Lumber futures forecast

Analysts were mixed about the outlook for lumber futures in the next one to five years. Given the negative sentiment in the housing market, algorithm-based financial data provider Trading Economics, as of 9 November, expected lumber futures to trade at $434.02/bft by the end of the fourth quarter, falling to $367.45 in the next 12 months. 

In contrast, algorithm-based forecasting website Wallet Investor, as of 9 November, predicted the average lumber prices to rise to $577.511 in the next 12 months and double to $1,122.83 in five years’ time. 

Another forecasting website, Gov.capital had the most bullish lumber futures forecast, predicting prices to jump to $989.60/bft in a year’s time, surging to $4,083.95 by 2027. 

Note that algorithm-based and analysts’ predictions can be wrong.
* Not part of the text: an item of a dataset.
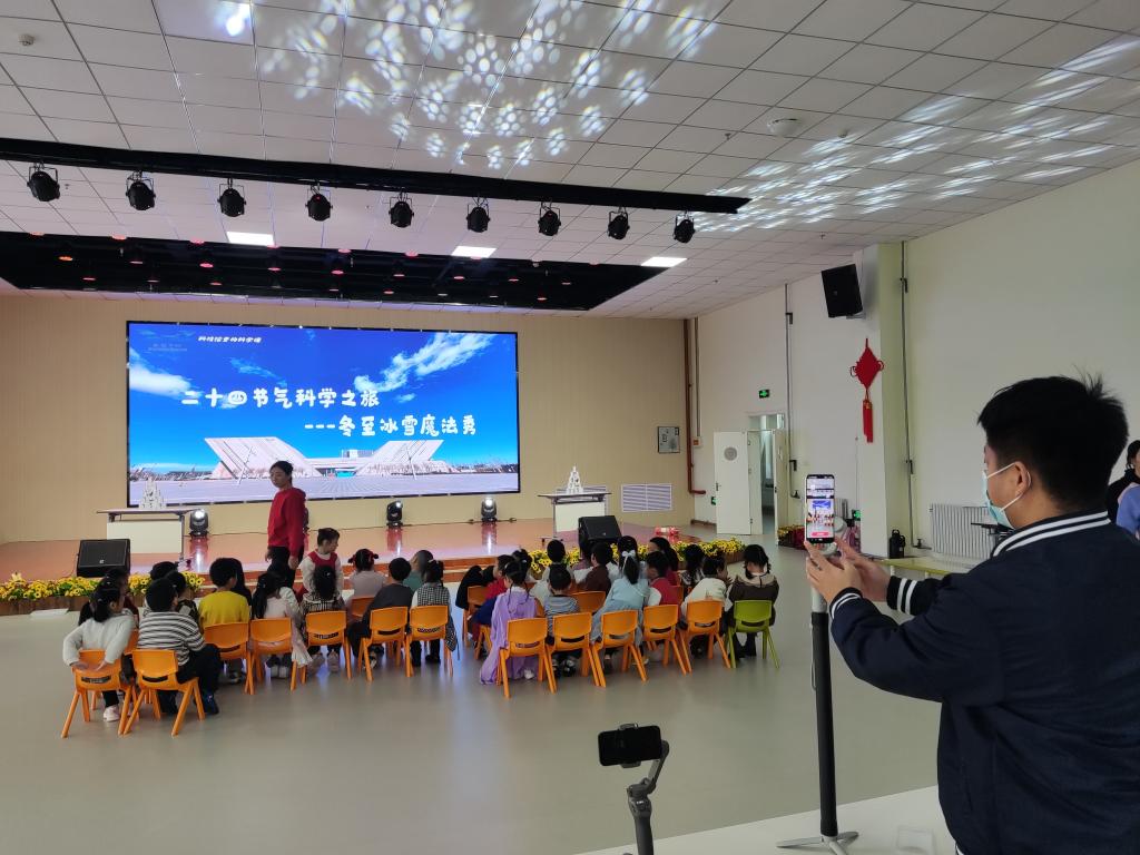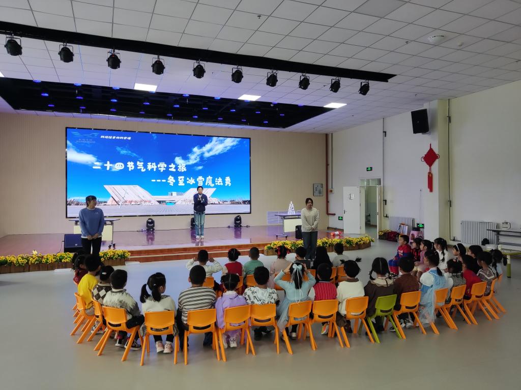活動(dòng)現(xiàn)場,孩子們迫不及待地踏上了冰雪科學(xué)的奇妙之旅??萍拣^輔導(dǎo)員以一場充滿動(dòng)感童趣的“冬至”律動(dòng)兒歌活躍開場,讓孩子們走進(jìn)了節(jié)氣的科學(xué)世界。這不只是一場科學(xué)實(shí)踐,更是一場科學(xué)啟蒙,讓孩子們了解到冬至不僅僅是傳統(tǒng)節(jié)氣,更是大自然的節(jié)律。

You should not use them to substitute your own research. Always conduct your own due diligence before trading, looking at the latest news, technical and fundamental analysis and a wide range of expert commentary. Remember, past performance does not guarantee future returns. And never trade money you cannot afford to lose.

FAQs

Why are lumber prices so high?

Lumber prices are driven by supply and demand. When housing demand exceeds timber supply, prices will rise and vice versa.

What are lumber futures based on?

The underlying assets for lumber futures are wooden timbers of varying length.

How to invest in lumber futures?

Investors can invest in lumber futures through brokers. However, this may not be suitable for many investors as the settlement of lumber futures is by physical delivery. Investors can also gain exposure to the market by investing in companies who operate in timber, wood-based products and real-estate businesses. Always do your own research before making any investment decision.